[Exercise aim] Reproduce word for word the lines between those holding "Ищете бутылку для" and "下面的代码块显示了如何使用 scikit 图像filters.rank模块的形态median过滤器。通过将", inclusive, and nothing else from the data below.

[Data provided]
====

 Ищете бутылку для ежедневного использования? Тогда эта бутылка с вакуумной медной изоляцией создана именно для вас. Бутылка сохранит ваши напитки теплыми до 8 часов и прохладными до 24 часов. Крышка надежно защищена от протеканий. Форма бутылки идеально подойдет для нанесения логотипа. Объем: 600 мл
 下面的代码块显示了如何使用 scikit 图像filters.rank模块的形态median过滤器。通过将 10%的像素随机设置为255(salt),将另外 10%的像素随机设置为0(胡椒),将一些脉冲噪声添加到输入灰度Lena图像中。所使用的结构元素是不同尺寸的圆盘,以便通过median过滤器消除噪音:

====

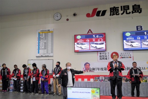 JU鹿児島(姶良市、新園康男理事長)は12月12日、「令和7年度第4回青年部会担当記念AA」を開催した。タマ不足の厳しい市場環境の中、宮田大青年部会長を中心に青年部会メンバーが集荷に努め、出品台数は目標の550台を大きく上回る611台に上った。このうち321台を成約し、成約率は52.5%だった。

====

[Exercise solution]
 Ищете бутылку для ежедневного использования? Тогда эта бутылка с вакуумной медной изоляцией создана именно для вас. Бутылка сохранит ваши напитки теплыми до 8 часов и прохладными до 24 часов. Крышка надежно защищена от протеканий. Форма бутылки идеально подойдет для нанесения логотипа. Объем: 600 мл
 下面的代码块显示了如何使用 scikit 图像filters.rank模块的形态median过滤器。通过将 10%的像素随机设置为255(salt),将另外 10%的像素随机设置为0(胡椒),将一些脉冲噪声添加到输入灰度Lena图像中。所使用的结构元素是不同尺寸的圆盘,以便通过median过滤器消除噪音:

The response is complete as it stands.